This game was hard-hitting on both sides of the ball... a lot was at stake for both teams and emotions were off the charts. Two SEC powerhouses playing for the conference title and a shot at the BCS national championship... one program bound for glory, the loser headed to some second tier bowl game against an over-hyped mid-western program. We shouldn't have expected anything less...

As bad as I hate the final result, I gotta say it... Roll Tide!!!


----------



## DSGB (Dec 3, 2012)

Hines Ward would approve..............


----------



## Mechanicaldawg (Dec 3, 2012)

Not saying I totally agree or disagree just thought this was interesting:

http://bleacherreport.com/articles/...-bcs-title-game-after-aaron-murray-cheap-shot


----------



## Miguel Cervantes (Dec 3, 2012)

Mechanicaldawg said:


> Not saying I totally agree or disagree just thought this was interesting:
> 
> http://bleacherreport.com/articles/...-bcs-title-game-after-aaron-murray-cheap-shot



Two years ago the sentiment would have been, hey, that is just football. Given the current rules and the long term problems associated with concussions penalties have to be levied for this type of hit. I immediately thought it was a cheap shot, but it wasn't the only one thrown by either team during the game. One drew a flag and one didn't. But it is the hit that is in question, not the fact of whether a flag was thrown or not, and in all fairness and due to the long term problems that can result from such hits, it is only fair that if one man is going to suffer a "one game" sit out penalty for the hit then all that did the same in that, or any other game, should suffer the same consequences.
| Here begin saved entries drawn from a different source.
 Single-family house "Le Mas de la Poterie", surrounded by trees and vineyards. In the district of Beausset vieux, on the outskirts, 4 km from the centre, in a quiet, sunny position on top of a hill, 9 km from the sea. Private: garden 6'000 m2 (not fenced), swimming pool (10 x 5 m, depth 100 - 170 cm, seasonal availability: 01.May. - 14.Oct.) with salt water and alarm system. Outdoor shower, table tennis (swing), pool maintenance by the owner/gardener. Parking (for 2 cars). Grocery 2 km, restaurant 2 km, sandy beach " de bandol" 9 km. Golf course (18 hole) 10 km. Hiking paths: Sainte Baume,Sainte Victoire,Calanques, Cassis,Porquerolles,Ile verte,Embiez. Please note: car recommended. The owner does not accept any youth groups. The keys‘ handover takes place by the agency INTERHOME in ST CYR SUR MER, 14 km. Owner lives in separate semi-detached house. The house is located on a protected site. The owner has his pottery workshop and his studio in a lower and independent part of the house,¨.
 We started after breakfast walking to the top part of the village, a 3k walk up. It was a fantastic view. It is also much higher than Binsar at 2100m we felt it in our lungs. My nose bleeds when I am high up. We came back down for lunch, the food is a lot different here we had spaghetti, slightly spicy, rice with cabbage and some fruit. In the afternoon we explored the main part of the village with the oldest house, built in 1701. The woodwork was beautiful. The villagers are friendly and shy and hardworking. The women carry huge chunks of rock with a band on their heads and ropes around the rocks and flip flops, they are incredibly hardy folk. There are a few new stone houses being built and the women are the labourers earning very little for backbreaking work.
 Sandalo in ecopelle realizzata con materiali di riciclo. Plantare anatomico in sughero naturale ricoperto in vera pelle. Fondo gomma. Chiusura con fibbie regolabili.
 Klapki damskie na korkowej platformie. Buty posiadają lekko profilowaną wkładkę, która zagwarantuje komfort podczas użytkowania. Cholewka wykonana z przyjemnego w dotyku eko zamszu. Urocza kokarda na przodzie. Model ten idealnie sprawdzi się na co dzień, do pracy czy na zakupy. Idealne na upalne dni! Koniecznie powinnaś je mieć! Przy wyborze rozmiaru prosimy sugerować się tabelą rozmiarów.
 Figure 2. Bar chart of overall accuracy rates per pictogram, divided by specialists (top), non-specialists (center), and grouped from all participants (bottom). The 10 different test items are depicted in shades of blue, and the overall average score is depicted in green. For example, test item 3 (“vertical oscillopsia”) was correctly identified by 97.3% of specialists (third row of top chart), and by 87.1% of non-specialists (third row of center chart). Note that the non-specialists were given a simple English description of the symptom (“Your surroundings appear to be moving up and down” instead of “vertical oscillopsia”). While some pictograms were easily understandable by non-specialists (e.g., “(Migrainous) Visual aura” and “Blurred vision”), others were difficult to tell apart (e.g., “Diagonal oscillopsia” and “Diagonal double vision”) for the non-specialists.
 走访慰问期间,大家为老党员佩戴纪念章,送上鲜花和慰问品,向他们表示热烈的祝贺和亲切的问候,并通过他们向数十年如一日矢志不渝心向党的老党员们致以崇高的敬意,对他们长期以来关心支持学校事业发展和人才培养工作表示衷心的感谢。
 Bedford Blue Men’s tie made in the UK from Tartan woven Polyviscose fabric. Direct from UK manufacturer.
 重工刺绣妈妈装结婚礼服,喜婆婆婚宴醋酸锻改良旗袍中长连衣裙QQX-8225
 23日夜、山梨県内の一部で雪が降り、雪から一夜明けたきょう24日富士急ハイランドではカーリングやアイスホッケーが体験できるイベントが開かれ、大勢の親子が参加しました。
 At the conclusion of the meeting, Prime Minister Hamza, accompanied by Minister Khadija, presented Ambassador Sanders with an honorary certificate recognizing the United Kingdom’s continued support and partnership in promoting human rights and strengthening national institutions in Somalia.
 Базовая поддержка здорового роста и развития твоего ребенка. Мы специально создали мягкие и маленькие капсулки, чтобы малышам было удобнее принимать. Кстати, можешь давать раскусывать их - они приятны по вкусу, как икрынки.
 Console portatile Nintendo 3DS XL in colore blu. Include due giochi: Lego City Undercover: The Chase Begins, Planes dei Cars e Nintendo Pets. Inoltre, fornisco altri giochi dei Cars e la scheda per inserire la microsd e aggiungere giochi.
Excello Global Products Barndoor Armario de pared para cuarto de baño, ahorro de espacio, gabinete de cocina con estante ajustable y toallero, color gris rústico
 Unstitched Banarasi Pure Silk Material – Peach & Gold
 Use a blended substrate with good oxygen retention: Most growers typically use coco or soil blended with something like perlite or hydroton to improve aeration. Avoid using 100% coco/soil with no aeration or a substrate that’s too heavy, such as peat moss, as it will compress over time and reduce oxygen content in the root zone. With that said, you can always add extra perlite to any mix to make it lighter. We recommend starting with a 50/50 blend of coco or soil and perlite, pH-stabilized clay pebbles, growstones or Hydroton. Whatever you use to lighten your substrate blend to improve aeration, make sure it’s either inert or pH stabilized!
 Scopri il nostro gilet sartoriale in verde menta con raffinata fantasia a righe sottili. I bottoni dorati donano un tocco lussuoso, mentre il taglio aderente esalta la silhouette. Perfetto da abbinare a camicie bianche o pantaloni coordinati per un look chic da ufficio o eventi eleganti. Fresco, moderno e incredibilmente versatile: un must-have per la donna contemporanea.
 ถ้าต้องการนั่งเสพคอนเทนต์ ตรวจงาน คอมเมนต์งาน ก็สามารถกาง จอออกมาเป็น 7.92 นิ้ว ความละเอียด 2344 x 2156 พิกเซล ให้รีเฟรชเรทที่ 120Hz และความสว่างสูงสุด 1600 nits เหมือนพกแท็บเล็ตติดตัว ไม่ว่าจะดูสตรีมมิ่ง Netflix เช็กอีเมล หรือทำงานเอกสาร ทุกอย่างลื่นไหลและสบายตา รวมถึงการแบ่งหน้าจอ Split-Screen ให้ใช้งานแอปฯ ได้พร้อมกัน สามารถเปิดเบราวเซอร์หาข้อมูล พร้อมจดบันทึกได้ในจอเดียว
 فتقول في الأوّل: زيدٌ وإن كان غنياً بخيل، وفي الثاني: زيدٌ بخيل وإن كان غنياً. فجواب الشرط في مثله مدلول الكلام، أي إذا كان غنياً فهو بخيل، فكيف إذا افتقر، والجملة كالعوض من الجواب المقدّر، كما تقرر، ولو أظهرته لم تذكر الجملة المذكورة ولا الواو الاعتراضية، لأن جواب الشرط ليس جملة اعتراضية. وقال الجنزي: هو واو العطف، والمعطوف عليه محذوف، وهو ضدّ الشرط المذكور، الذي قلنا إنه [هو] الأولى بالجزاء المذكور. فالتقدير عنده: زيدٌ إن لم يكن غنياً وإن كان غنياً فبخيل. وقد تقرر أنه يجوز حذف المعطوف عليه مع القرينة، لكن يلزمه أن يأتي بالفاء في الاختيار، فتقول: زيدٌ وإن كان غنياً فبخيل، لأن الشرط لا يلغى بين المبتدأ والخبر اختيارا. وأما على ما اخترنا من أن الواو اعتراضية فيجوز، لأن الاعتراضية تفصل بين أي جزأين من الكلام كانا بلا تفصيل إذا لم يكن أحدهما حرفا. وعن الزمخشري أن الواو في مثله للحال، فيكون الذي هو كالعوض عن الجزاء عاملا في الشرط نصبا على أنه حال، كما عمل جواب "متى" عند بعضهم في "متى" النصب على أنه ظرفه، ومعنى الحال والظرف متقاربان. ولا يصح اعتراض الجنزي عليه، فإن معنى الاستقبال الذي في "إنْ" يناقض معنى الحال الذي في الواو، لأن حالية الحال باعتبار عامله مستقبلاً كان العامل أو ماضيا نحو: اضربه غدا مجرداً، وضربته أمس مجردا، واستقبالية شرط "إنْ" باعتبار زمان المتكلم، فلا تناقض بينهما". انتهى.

It would make it much easier if Saban would voluntarily sit Dial out for that hit, but I really don't see that happening.

To Murray's credit, he took the lickin and kept on ticking, ,proving (despite some of his own detractors) that he is a capable quarterback playing for a very capable team. My concern for him is down the road. Quite often the effects of a concussion are not immediate, and it was evident after that hit that he got his bell rung good, indicating that he did suffer some form of concussion.


----------



## Dudley Do-Wrong (Dec 3, 2012)

It wasn't the best game from an officiating standpoint, there were numerous missed calls that favored both sides.

Of course I only remember the ones that should have been called against UGA.


----------



## Gaducker (Dec 3, 2012)

bnew17 said:


> Just because a play is legal doesnt mean it cant be a cheap shot. Yes it was legal. Yes it was a cheap shot. I havent any Georgia fans griping about it honestly, except what ive seen on here. Even if they had thrown a flag it wouldnt have mattered too much most likely. Just would have taken an extra play or 2 for Bama to get the yards back once they ran it down our throats a few times. Murray learned a good lesson on this play that he better remember in the NFL. Keep your head on a swivel!!!





Oh  cuzz they are cryin all over this great state about THE HIT.    We will be talkin about this game for 50 years and Ga fans will also be talkin about THE HIT for at least that long.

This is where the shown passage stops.